А ведь все это сделано на базе полупроводниковых материалов. Вот как вы думаете, когда говорят «цифровые трансформации», сколько там цифр? А цифр всего две ― ноль и один. Больше нет. Вы не найдете ни тройки, ни пятерки, ни десятки. А почему? Потому что элементная база всех наших так называемых информационных технологий базируется на транзисторах. Это такой полупроводниковый прибор с тремя электродами, который всем управляет. Если совсем популярно объяснить ― вот приложено напряжение к двум электродам и ток либо идет, либо нет. Все зависит от того, какой потенциал на третьем электроде. Транзистор фактически просто переключает: ток есть, тока нет, он больше ничего не может. Только ноль и один. Но именно он служит электронной компонентной базой цифровой информации. Сейчас пытаются перейти на какие-то другие системы, освоить квантовые технологии, там все более сложно. Но мы все равно еще долго не уйдем от кремния и цифрового порядка.

― А уйдем когда-нибудь?

― Не думаю. Нам не всегда нужна космическая скорость ― например, для того чтобы нажимать кнопки на клавиатуре, нам достаточно тех скоростей, которые нам уже сейчас обеспечивает кремний. Сегодня информационные технологии требуют все большей частоты, большей скорости. Можно искать другие полупроводниковые материалы, например использовать арсенид галлия. У него подвижность носителей заряда много выше. Но его очень мало на Земле, где мы его возьмем? А кремния у нас очень много. Это песок, по которому мы ходим. Да, он грязный, надо учиться чистить, совершенствовать технологии. У нас на Земле этого материала много, на этом все базируется и развивается. Поэтому полупроводники очень важны. Но всегда были важны, в первую очередь, знания. Поэтому и был создан наш институт.

― Кто был его создателем?

― Создавал его А.В. Ржанов. Сейчас институт носит его имя. Анатолий Васильевич — оригинальная фигура в нашей науке. Родился в семье военных и по этой причине сменил много мест жительства. Он вырос в самые тяжелые для нашей страны 1920–1930-е гг. После окончания школы в Ленинграде поступил в знаменитый Ленинградский политехнический институт. В 1941 г. он завершает обучение, но дальнейшие планы изменила война. Он сразу же записался добровольцем, был зачислен в дивизию народного ополчения в Ленинграде, там быстро стал командиром взвода. Однако для командного состава требовалось обязательное медицинское освидетельствование, и Анатолия Васильевича отчислили из состава батальона по результатам медкомиссии: у него было выявлено отслоение сетчатки. Тем не менее он добился своего и оказался на передовой, в бригаде морской пехоты, в группе фронтовых разведчиков. Позже он стал командиром этой группы, регулярно выходил в тыл врага. В 1943 г. его тяжело ранили, и он получил белый билет. Однако после госпиталя вернулся в свою часть, находившуюся в тех метах, где шли ожесточенные бои. Офицеров не хватало, и он продолжил воевать. За те смелые и грамотные действия во время боевых действий Анатолий Васильевич получил орден Великой Отечественной войны и вновь был серьезно ранен. Но в конце концов все равно был комиссован. И когда он вернулся, решил, что надо продолжить то, чем хотел заниматься: решил поступить в аспирантуру ФИАН. Его приняли, а после ее окончания он продолжил работать над проблемой создания германиевого транзистора. В 1962 г. А.В. Ржанов получил предложение создать и возглавить институт в Золотой долине новосибирского Академгородка.

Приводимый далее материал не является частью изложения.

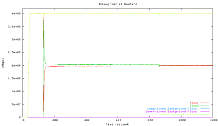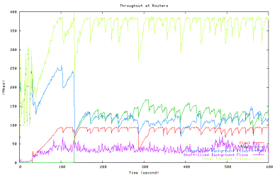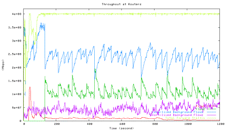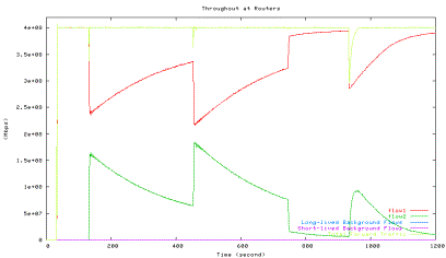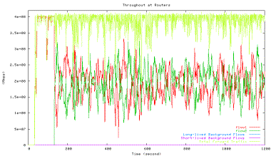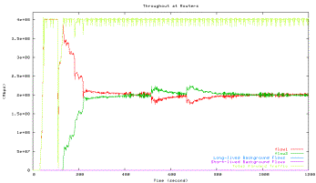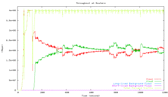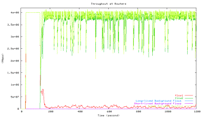 Green line: HTCP with 42ms, Blue line: long-lived background TCP flows, Purple

Так появился наш институт. Тогда он назывался Институт физики твердого тела и полупроводниковой электроники. Еще через два года было принято решение объединить его с Институтом радиофизики и электроники и дать название — Институт физики полупроводников. Дата создания института ― 24 апреля 1964 г.

― Почему А.В. Ржанова заинтересовало именно такое научное направление?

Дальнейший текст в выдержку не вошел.